■ **Exercise aim**
Give the entries again exactly as they appear, but without the images.

[Data entries]
Segment Open

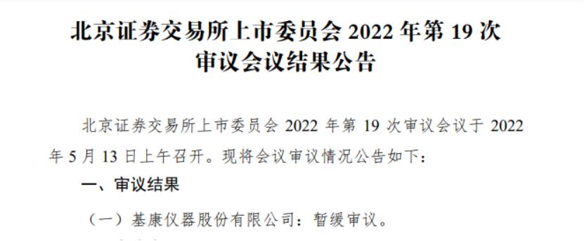 在今年5月13日北交所上市委召开的2022年第19次审议会议上,基康仪器第一次上会就被暂缓审议。
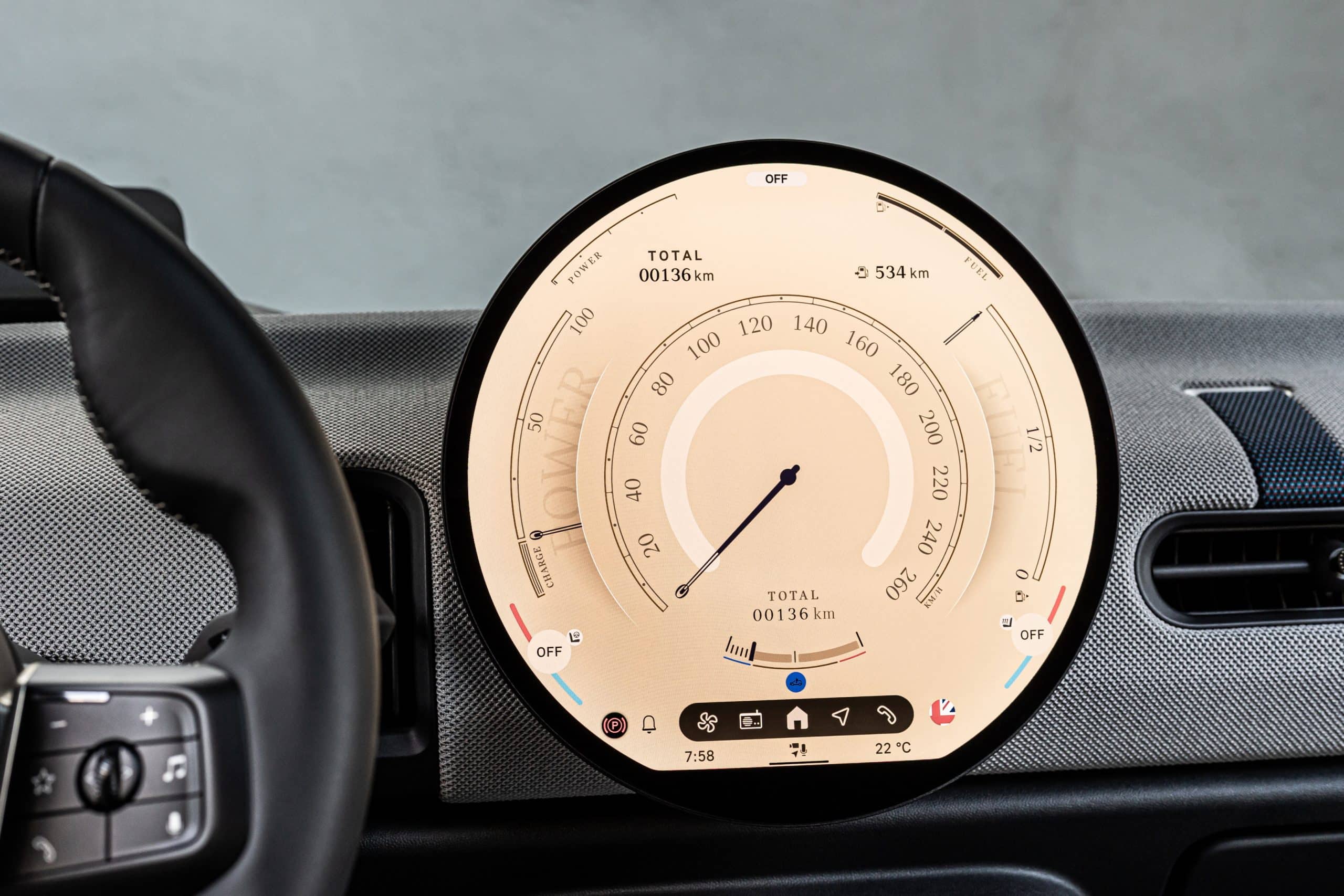 Στο cockpit η διαμέτρου 24 εκατοστών λεπτή οθόνη OLED με υψηλή ανάλυση έχει ένα κορυφαίας ποιότητας γυάλινο άκρο. Η λογική με την οποία λειτουργεί είναι παρόμοια με εκείνη ενός smartphone και μπορεί να ελέγχεται διαισθητικά μέσω αφής.
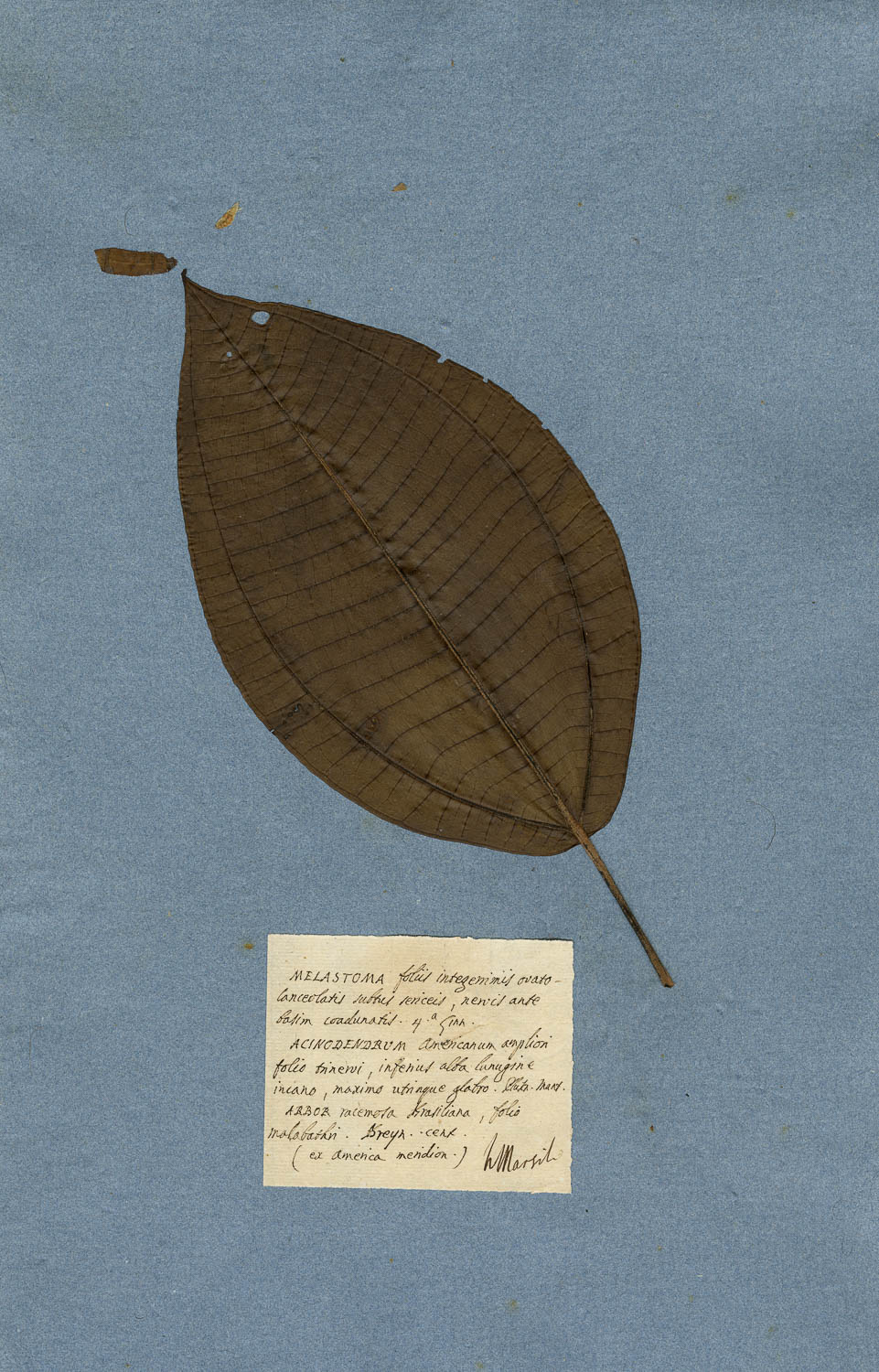 Foglio dell'erbario di Giovanni Marsili con cartellino manoscritto: MELASTOMA foliis integerrimis ovato-lanceolatis subtus sericeis, neriis ante basim coadunatis. 4.a Linn.
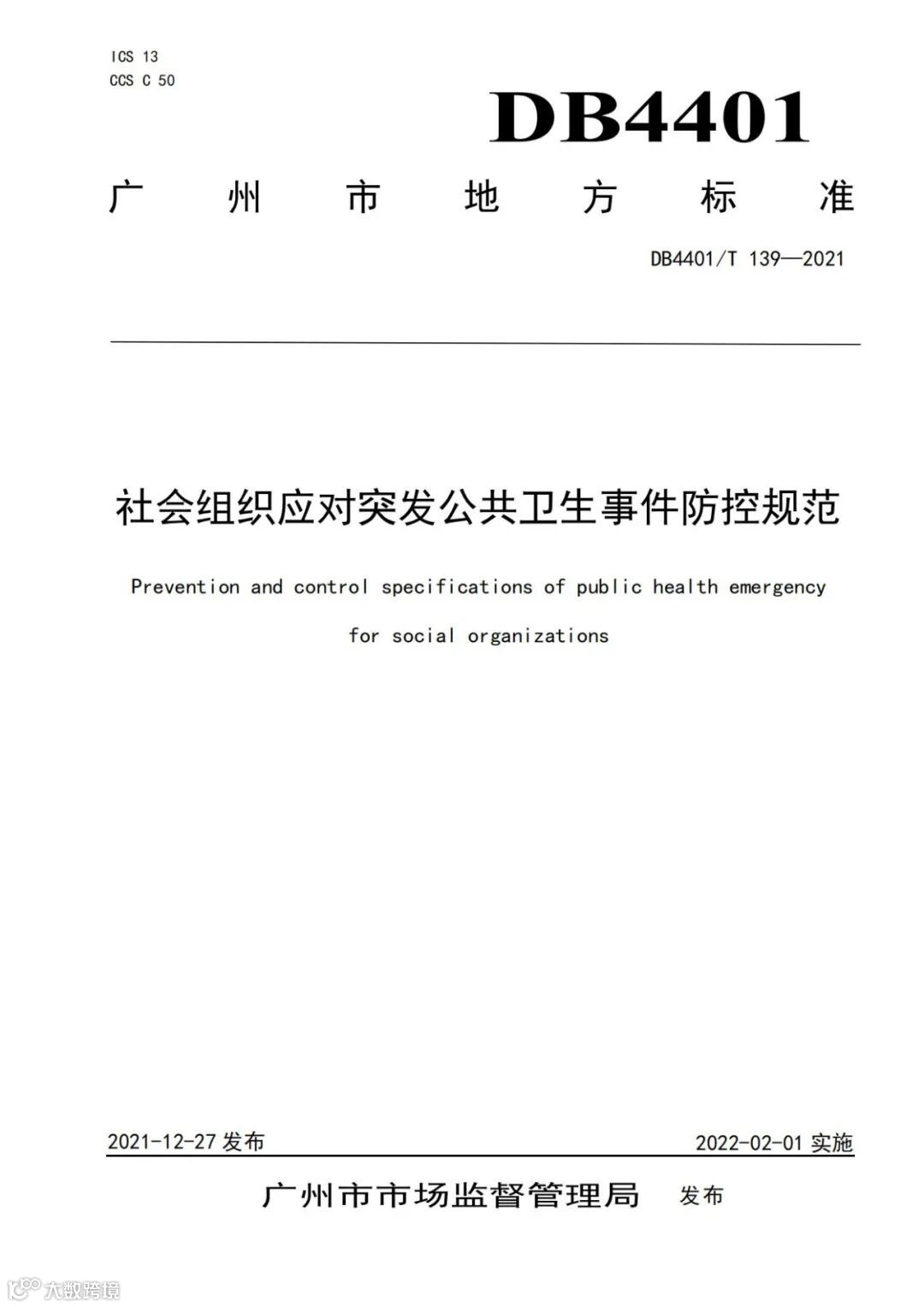 广州市地方标准《社会组织应对突发公共卫生事件防控规范》全文发布
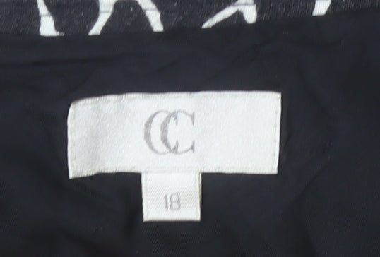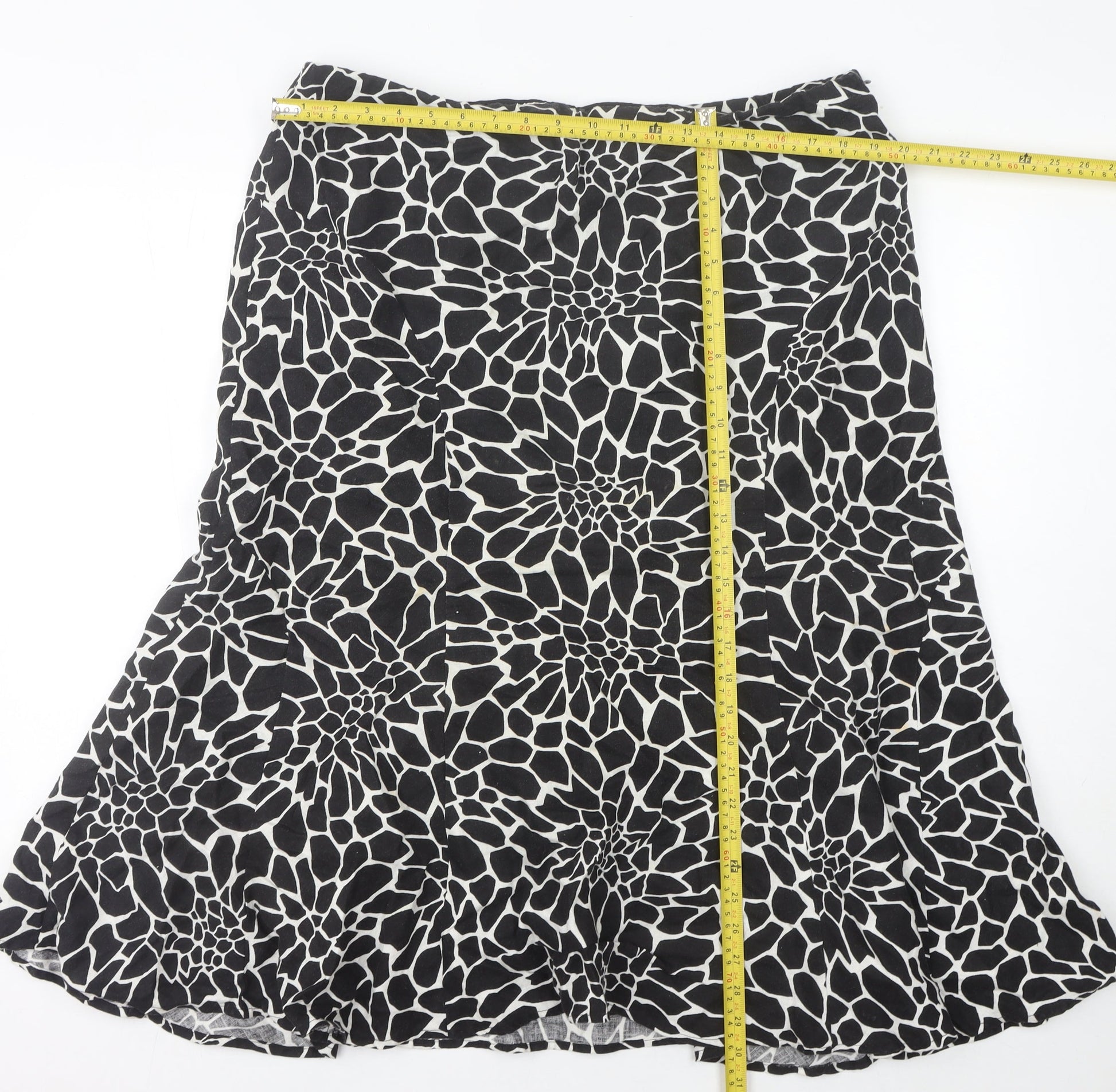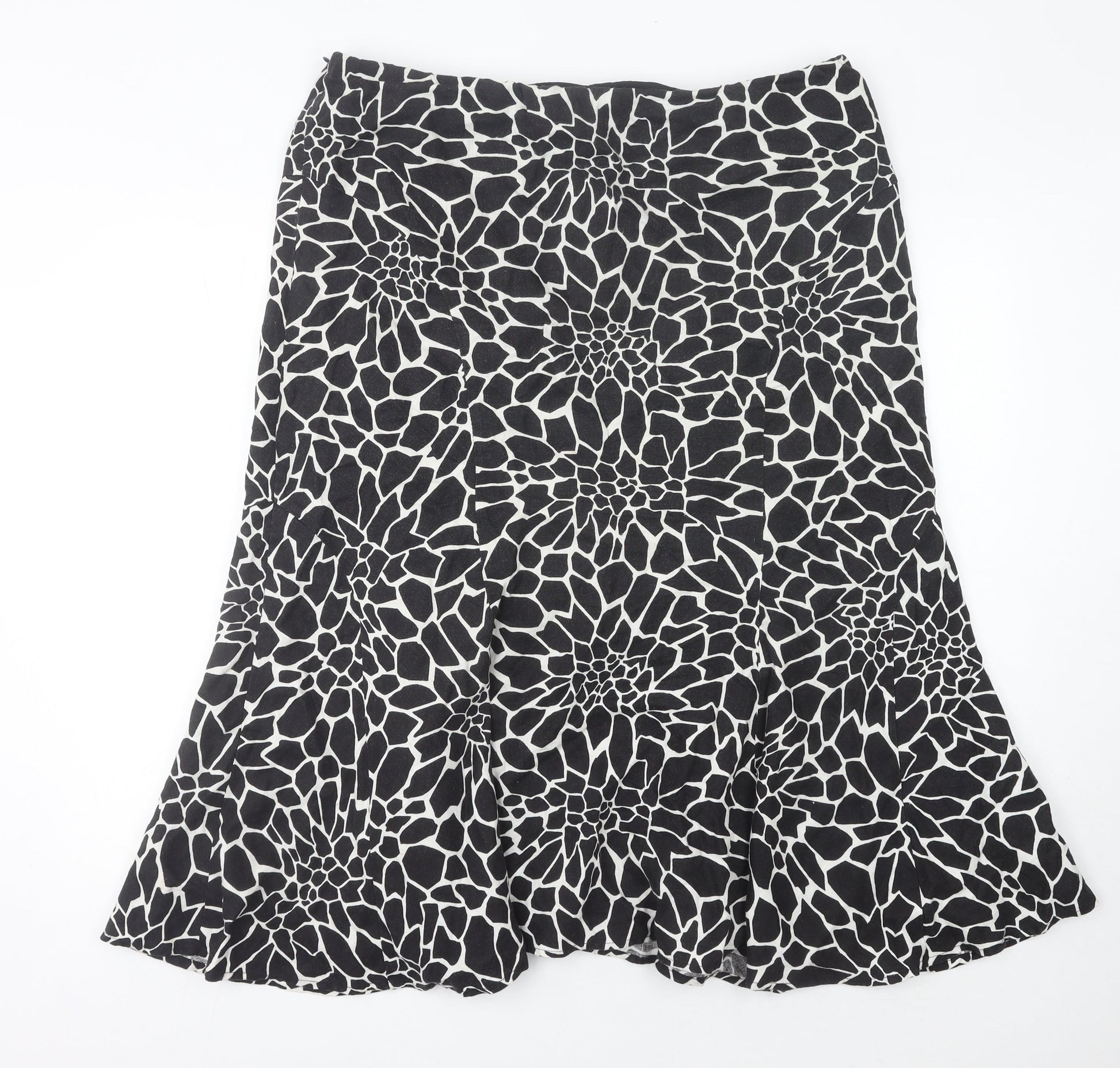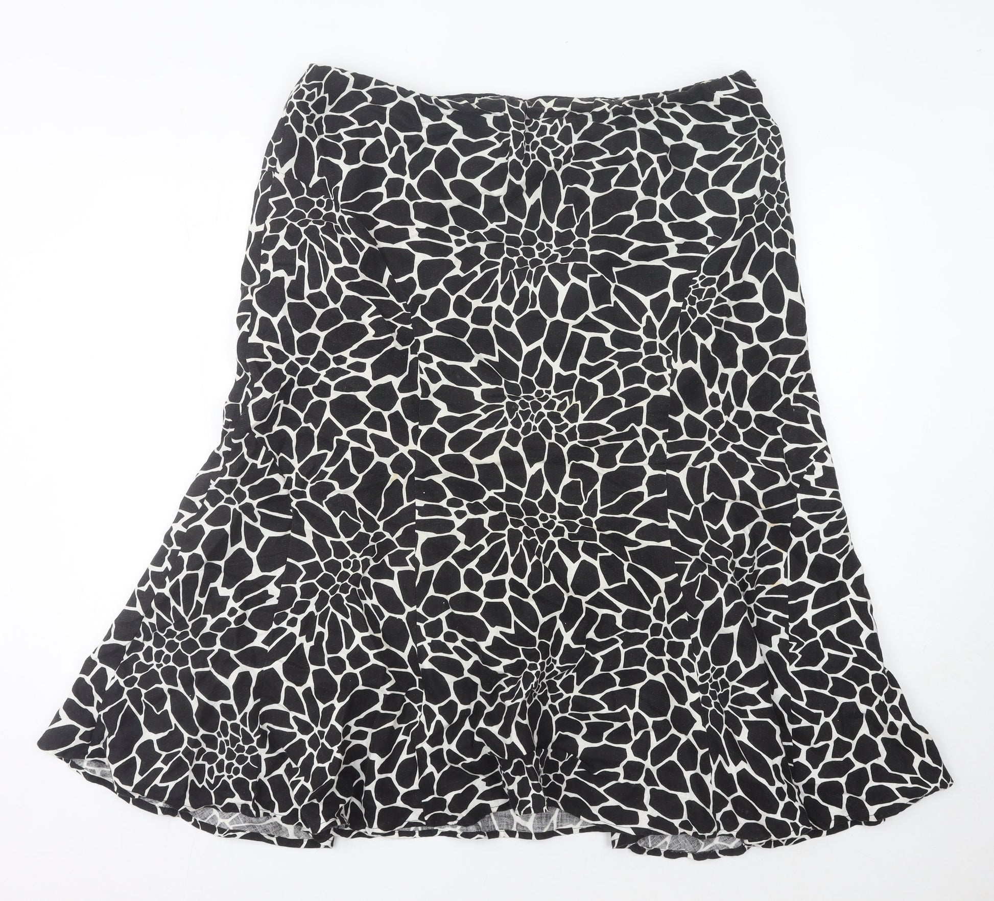 CC Women’s Black Animal Print Linen Flare Skirt Size 18 Knee Length

Segment Closed

■ **Solution to the problem**
 在今年5月13日北交所上市委召开的2022年第19次审议会议上,基康仪器第一次上会就被暂缓审议。
 Στο cockpit η διαμέτρου 24 εκατοστών λεπτή οθόνη OLED με υψηλή ανάλυση έχει ένα κορυφαίας ποιότητας γυάλινο άκρο. Η λογική με την οποία λειτουργεί είναι παρόμοια με εκείνη ενός smartphone και μπορεί να ελέγχεται διαισθητικά μέσω αφής.
 Foglio dell'erbario di Giovanni Marsili con cartellino manoscritto: MELASTOMA foliis integerrimis ovato-lanceolatis subtus sericeis, neriis ante basim coadunatis. 4.a Linn.
 广州市地方标准《社会组织应对突发公共卫生事件防控规范》全文发布
 CC Women’s Black Animal Print Linen Flare Skirt Size 18 Knee Length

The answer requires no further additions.